Festus Agu

Personal information
- Date of birth: 13 March 1975 (age 50)
- Place of birth: Enugu, Nigeria
- Height: 1.85 m (6 ft 1 in)
- Position: Forward

Youth career
- 1988–1989: NITEL Vasco Gama
- 1989–1990: African Continental Bank

Senior career*
- Years: Team / Apps / (Gls)
- 1990–1991: Bendel United / 19 / (11)
- 1991–1992: Enugu Rangers / 5 / (1)
- 1992–1993: Bendel Insurance / 5 / (3)
- 1993–1994: Enugu Rangers / 21 / (13)
- 1994–1995: Club Bolívar / 5 / (1)
- 1995–1997: Compostela / 8 / (0)
- 1996–1997: → Ourense (loan) / 9 / (0)
- 1997–1998: Optik Rathenow / 22 / (14)
- 1998–1999: Fortuna Köln / 7 / (0)
- 1999: FC Gütersloh
- 2000–2001: Schweinfurt 05 / 22 / (11)
- 2001–2002: VfR Aalen / 21 / (14)
- 2002–2003: Wacker Burghausen / 11 / (2)
- 2003–2005: FC St. Pauli / 38 / (8)
- 2005–2006: Enugu Rangers

= Festus Agu =

Nigerian footballer (born 1975)

Festus Agu (born 13 March 1975) is a Nigerian former professional footballer who played as a forward.

==Football career==
===Beginnings===
Agu was born in Enugu, and began his career in his country with Nitel Vasco Dagama FC Enugu, African Continental Bank FC Lagos, Bendel United, Enugu Rangers and Bendel Insurance FC. During his development years, he was considered to be the most promising footballer in the nation.

At the age of 19, Agu moved abroad joining Club Bolívar in Bolivia, having no impact whatsoever in one season.

===Spain===
Agu ventured to Spain in 1995, joining La Liga side SD Compostela. The club's chairman José María Caneda described him as "...a mix between Ronaldo and Bent Christensen" (the latter a player in the team). During his stint, he shared teams with countryman Christopher Ohen but played only eight times in the season, going scoreless in the process.

In the following campaign, Agu was loaned to Galician neighbours CD Ourense in Segunda División, where he met exactly the same individual fate.

===Germany===
Agu played the following eight years in Germany, starting with FSV Optik Rathenow in the NOFV-Oberliga. In his only season he scored a career-high 14 league goals, and his performances resulted in a move to SC Fortuna Köln in the 2. Bundesliga. In the following campaign, after failing to find the net, he signed with fellow league side FC Gütersloh; his spell would be short-lived, however, due to the club temporarily dissolving because of debt.

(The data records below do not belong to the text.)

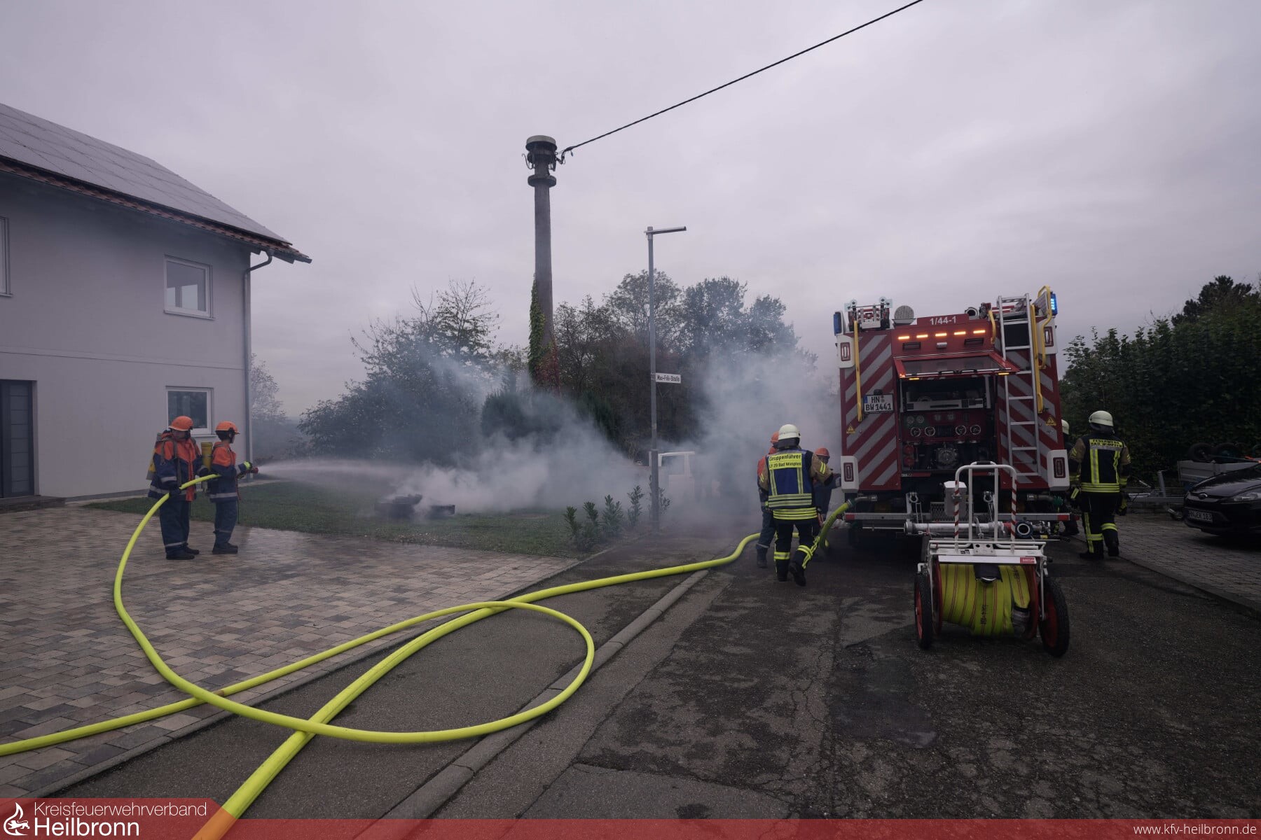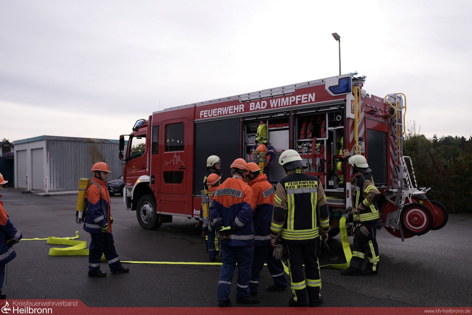 An einem Wochenende im Herbst von Freitag ab 18:00 Uhr bis Sonntag um 10:00 Uhr verbrachten acht Jugendliche der Jugendfeuerwehr der Freiwilligen Feuerwehr Bad Wimpfen mit ihren Leitern, sowie einigen Helfern im Feuerwehrgerätehaus am Steinweg. Natürlich waren noch der eine oder andere aktive Feuerwehrkamerad in die „geheimen Einsatzpläne“ eingeweiht. Zu Beginn ihrer 36 Stundenschicht wurden die Mitglieder der Jugendfeuerwehr in Gruppen eingeteilt. Außerdem gab es eine Einweisung im Funkraum und in den Fahrzeugen. So vorbereitet konnten die „Einsätze“ kommen, und sie kamen. Die Schlafplätze waren eingerichtet, die Küche war nach dem gemeinsamen Hamburgeressen aufgeräumt als um 21:21 Uhr der Erste Einsatz über Telefon einging. Der Rettungsdienst hatte die Feuerwehr angefordert, da im Kurwäldchen beim Sportplatz eine verletzte Person aus unwegsamen Gelände gerettet bzw. getragen werden musste. Nach einer relativ ruhigen Nacht rückte unsere Jugendfeuerwehr am Samstag um 7:20 Uhr zum ev. Gemeindehaus aus. Ein Nachbar hatte einen Rauchwarnmelder gehört. Es wurden alle Räume erkundet, und in einem Raum fand der Angriffstrupp einen defekten Rauchmelder. Um 10:40 Uhr fuhren die Einsatzkräfte zu einem asphaltierten Feldweg. Durch einen technischen Defekt verlor der PKW eines Grundstückbesitzers der auf dem Weg zu seinem Gartengrundstück war Öl. Die „Ölspur“ wurde beseitigt. Gerade hatten die Jugendlichen ihre Gerätschaften in den Fahrzeugen aufgeräumt und fuhren in Richtung Feuerwehrgerätehaus kam über Funk der nächste Einsatz. Gemeldet war ein „Containerbrand“ vor einem Haus und zusätzlich wurde noch eine Person vermisst. Mit zwei C-Rohren hatten die Einsatzkräfte das Feuer schnell unter Kontrolle und kurz darauf gelöscht. Die vermisste Person fand ein Suchtrupp in der benachbarten Werkstatt. Diese wurde aus dem Gebäude gebracht und dem Rettungsdienst übergeben. Um 15:40 Uhr eilten die Feuerwehrfrauen und Männer zu einer „Technischen Hilfeleistung“ zu einem Landwirtschaftliches Anwesen. Eine Person war unter einer Maschine eingeklemmt. Mit dem Einsatz von Hebekissen und Unterbaumaterial konnte die Person befreit und dem Rettungsdienst übergeben werden. Zwei Stunden später meldeten Anwohner einen „Großbrand“ in Bad Wimpfen Hohenstadt. Das alte Feuerwehrgerätehaus „brannte“ und drei Personen wurden vermisst. Zwei der drei vermissten Personen konnten über die Drehleiter gerettet werden. Die dritte Person rettete der Angriffstrupp unter Atemschutz aus dem „verrauchten“ Gebäude. Während des Einsatzes wurde eine Riegelstellung zum Schutz des Nachbargebäudes aufgebaut. Zu einer „Personensuche“ rückten die Jugendlichen um 21:07 Uhr aus. Mit Hilfe von Lampen und Wärmebildkameras konnten die neun vermissten Personen, schnell gefunden werden. Nachdem die Gerätschaften gereinigt und aufgeräumt, man noch gemeinsam zu Abend gegessen hatte war um 22 Uhr Nachtruhe! Aber nicht lange. Am Sonntagmorgen um 01:49 Uhr „brannte“ es neben dem Naturbildungshaus. Etwas schläfrig, aber voller Tatendrang meisterten die jungen Feuerwehrleute auch diese gestellte Aufgabe. Anschließend krochen alle nochmals in ihre Schlafsäcke. Nach dem Frühstück und dem anschließenden aufräumen, endete dieser besondere Dienst mit den unterschiedlichsten „Einsätzen“, Betriebssport, Übungsdienst, Fahrzeug und Gerätehauspflege am Sonntagmorgen um 10:00 Uhr.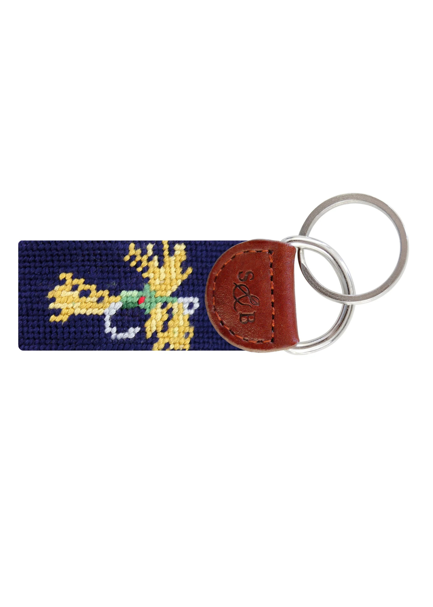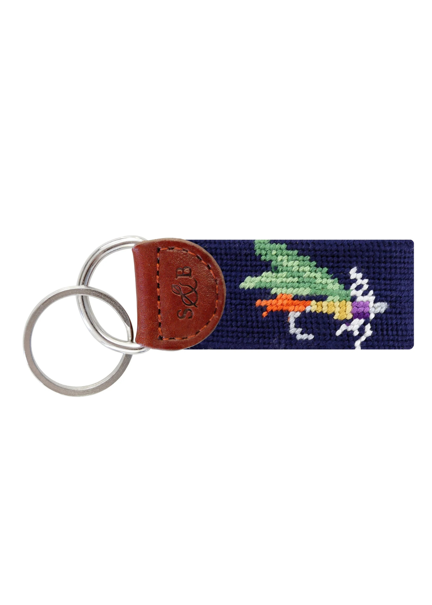 FISHING FLY NEEDLEPOINT KEY FOB - NAVY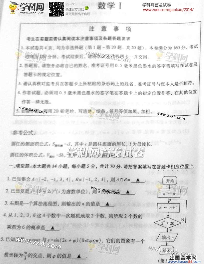 2014年的高考已经落下了帷幕,十年寒窗苦,朝暮读圣贤;学非单行道,之外路千条,心态摆平稳,从容去应考。江苏高考频道考后为您首发2014江苏高考数学试题,并为您附上详细的答案解析,一旦高考真题及答案发布,我们将会第一时间在此页面发布,希望考生及时关注。在此,出国留学网网小编提醒各位考生,无论自己考试这一关表现的怎么样,接下来的志愿填报也是一门很重要的“考试”,希望考生不要大意,加油!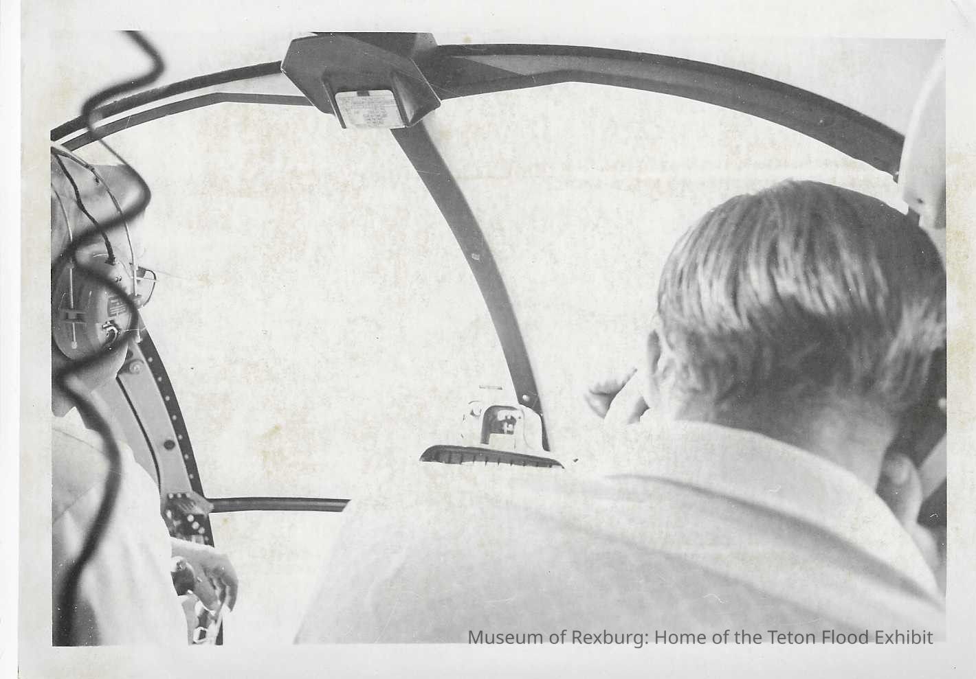This photo was contained in a brown folder with many other photos. There was a note on the front in cursive that said, "Thanks Dave Gaut". The majority of these photos appear to be taken from the Centennial that was held in Rexburg, ID along with a few of the flood and other misc. photos. This photo is black and white and shows two men in an aerial vehicle. This vehicle could be a plane or a helicopter. The man to the right of the photo appears to be on the phone, most likely warning alerting the surrounding communities to the impending danger. The man to the left appears to be piloting the aerial vehicle. This photo is 5 x 7 inches big. This photo comes from the old Standard Journal Warehouse located at 23 S 1st E.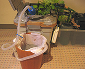 生体をバケツに移したら、ろ過フィルターの給排水ホースを水槽からはずしてバケツのほうに設置します。写真左側のが外部式ろ過フィルターです。この中のろ材にろ過バクテリアが棲みついていて、このバクテリアが水をきれいにしてくれる働きをするのです。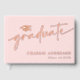 Light pink or custom colour graduation guest book featuring the text "graduate" in an elegant script font with a graduate cap above. The graduate's name and year are printed in the bottom right corner.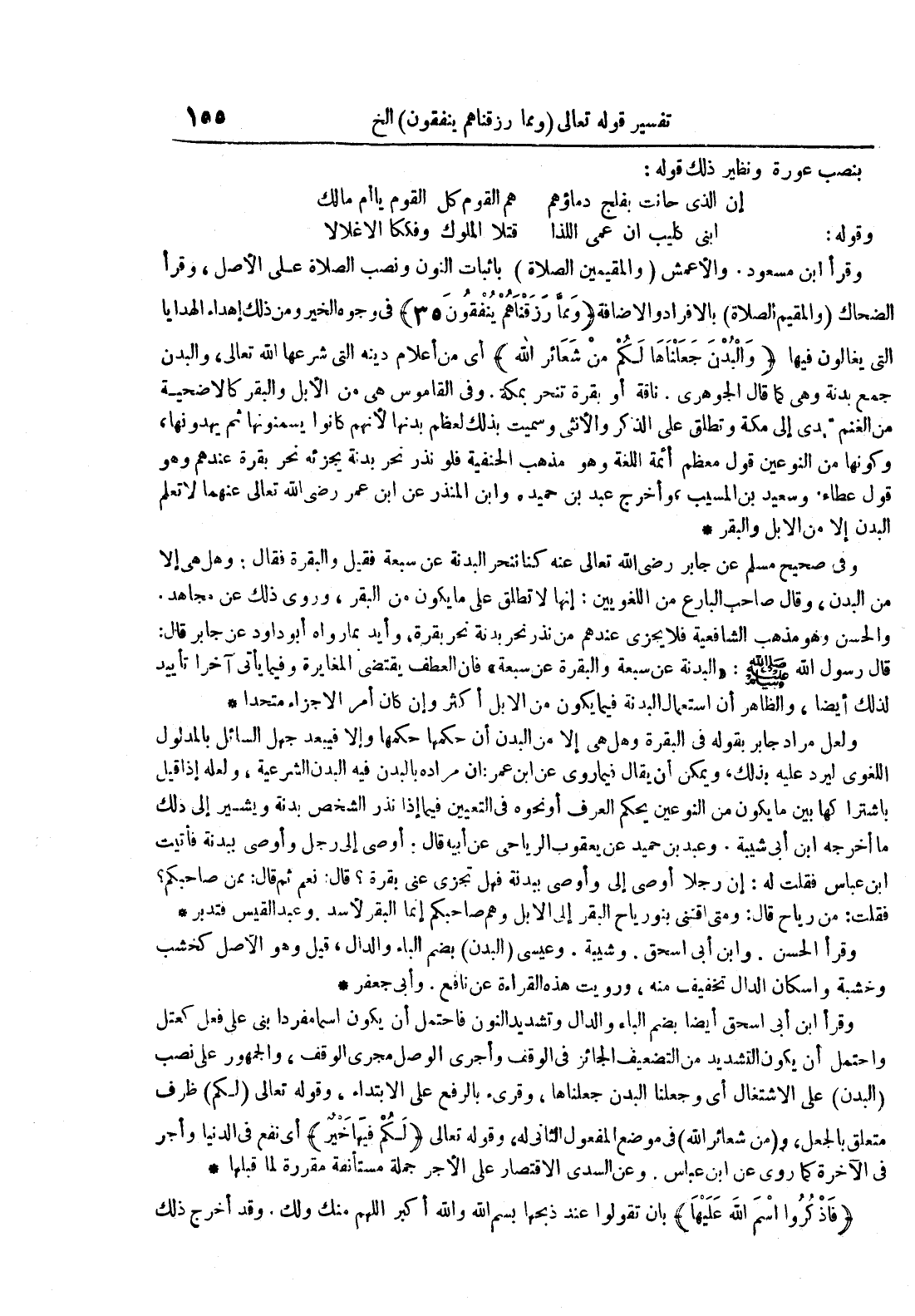 ولعل مراد جابر بقوله في البقرة وهل هي إلا من البدن أن حكمها حكمها وإلا فيبعد جهل السائل بالمدلول اللغوي ليرد عليه بذلك ويمكن أن يقال فيما روي عن ابن عمر : أن مراده بالبدن فيه البدن الشرعية ولعله إذا قيل باشتراكها بين ما يكون من النوعين يحكم العرف أو نحوه في التعيين فيما غذا نذر الشخص بدنة ويشير إلى ذلك ما أخرجه ابن أبي شيبة وعبد بن حميد عن يعقوب الرياحي عن أبيه قال : أوصى إلى رجل وأوصى ببدنة فأتيت ابن عباس فقلت له : إن رجلا أوصى إلي وأوصى ببدنة فهل تجزيء عني بقرة قال : نعم ثم قال : ممن صاحبكم فقلت : من رياح قال : ومتى اقتنى بنو رياح البقر إلى الإبل وهم صاحبكم إنما البقر لأسد وعبد القيس فتدبر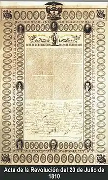 ![]() Firma del acta del Cabildo el 20 de julio de 1810. | ||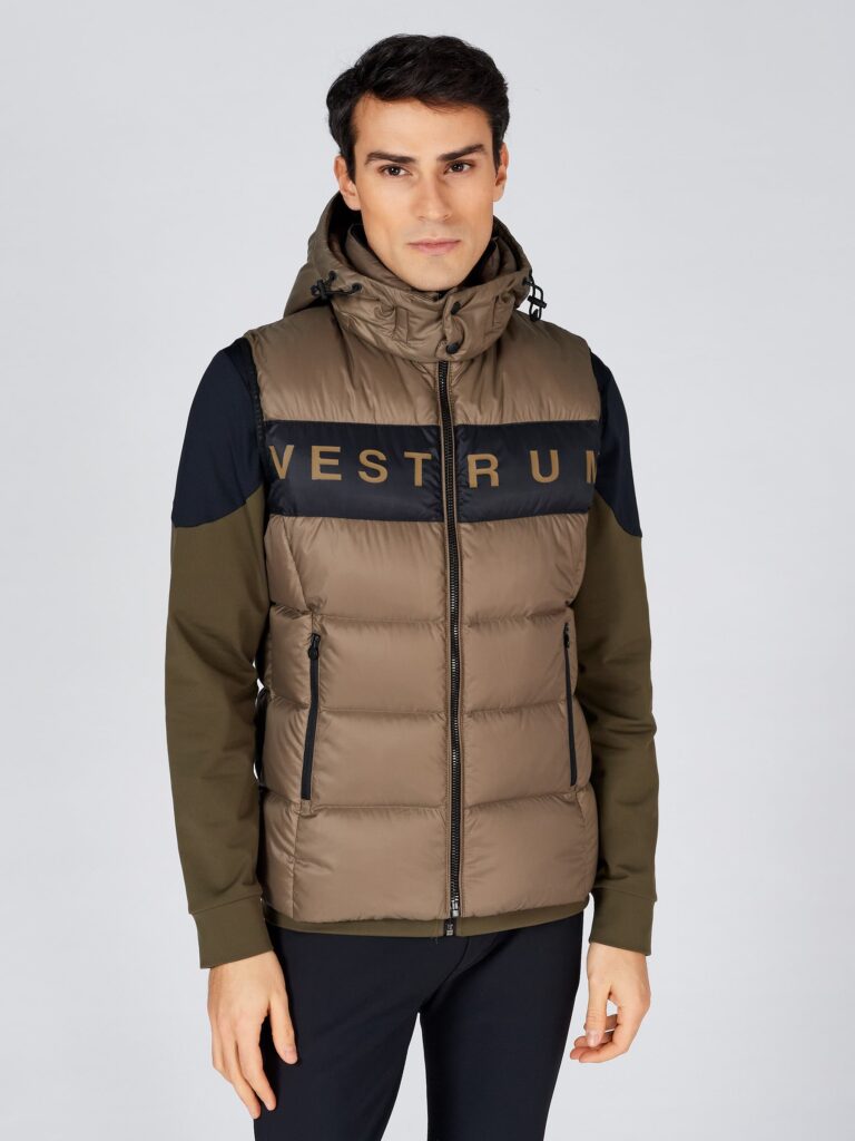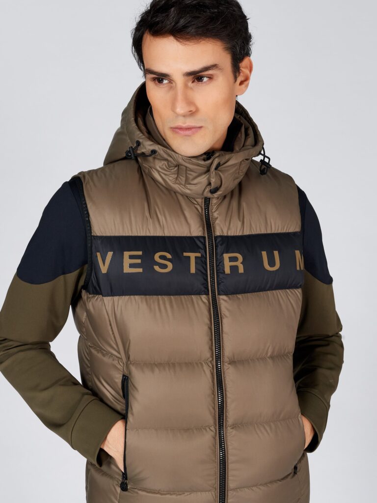 Corio - мягкий мужской жилет из технической ткани, передняя застежка-молния, контрастная надпись Vestrum на груди. Идеально подходящий для тренировок и отдыха, жилет Corio теплый и легкий одновременно, обеспечивает свободу движений. Высокий воротник, карманы на молнии и регулируемый капюшон.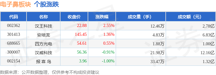证券之星消息,1月27日电子鼻板块较上一交易日上涨0.17%,汉王科技领涨。当日上证指数报收于4139.9,上涨0.18%。深证成指报收于14329.91,上涨0.09%。电子鼻板块个股涨跌见下表: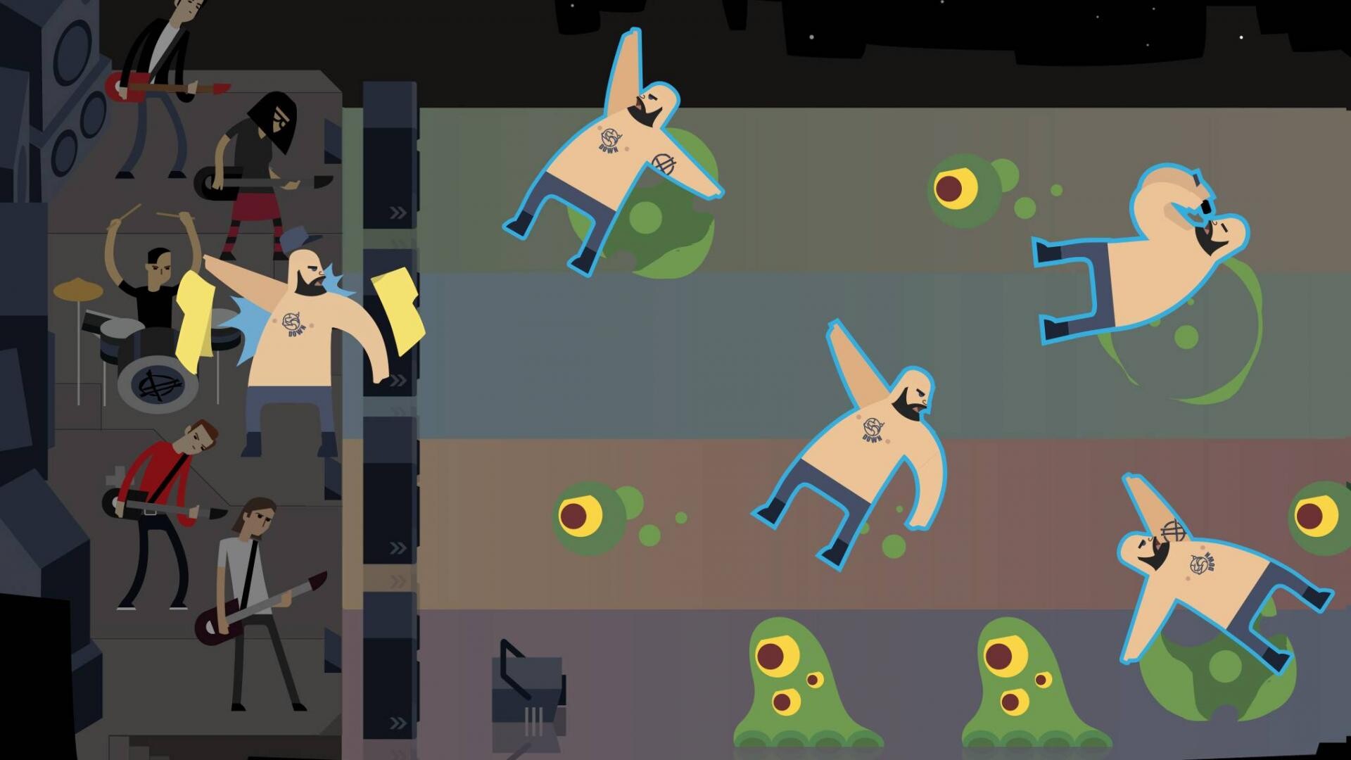 The horde is comprised of several types of unique aliens that all share one thing in common: They hate being blasted in the face with sweet, sweet music. Some of them speed up once they’ve been hit, some explode green goop all over the screen to block vision and some split into smaller, faster aliens once defeated. Each alien takes a different number of blasts to destroy, indicated by the number of eyes on their body.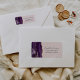 Die links Kulisse dieses eleganten, modernen Hochzeitseinladungs-Rücksendelabel besticht durch eine lila Aquarellgrenze mit vergoldetem Imitat-Glitzer. Der individuell anpassbare Text kombiniert handgeschriebene Holzkohle und kopperplate-Schriftart auf einem hellrot-rosa Hintergrund.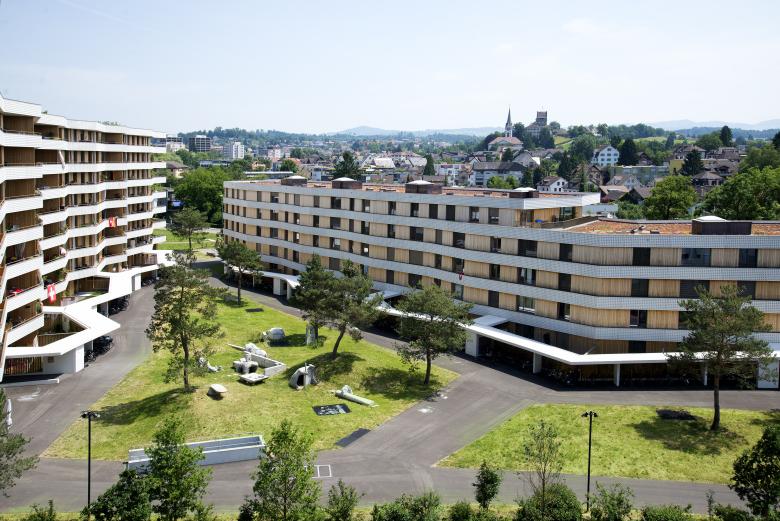 Zwischen dem mächtigen Rohn-Bau und einem der naturnahen Weiher liegt ein Wohnturm von Herzog & de Meuron Architekten. Die in die Blumenwiese eingestreuten Silberpappeln werden den imposanten Bau mit den Jahren noch näher mit der Natur verwachsen lassen.

In 2000, Agu joined 1. FC Schweinfurt 05 in the Regionalliga Süd, scoring 11 goals in his first year as the club promoted to the second level. He was not re-signed however, and subsequently stayed in the category to play for VfR Aalen, netting 14 times as the Baden-Württemberg team finished in fourth place, three points shy of promotion.

In the summer of 2002, Agu returned to the second division signing for SV Wacker Burghausen. However, he failed to replicate his previous goalscoring record and was ultimately released at the end of the season. Afterwards, he played with FC St. Pauli in the Regionalliga Nord, scoring six goals in his first year but only two in the following.

===Retirement===
At the age of 30, Agu retired following series of injuries and relocated to the United Kingdom to start a new career in law. Agu is now a qualified and practicing solicitor in England and Wales].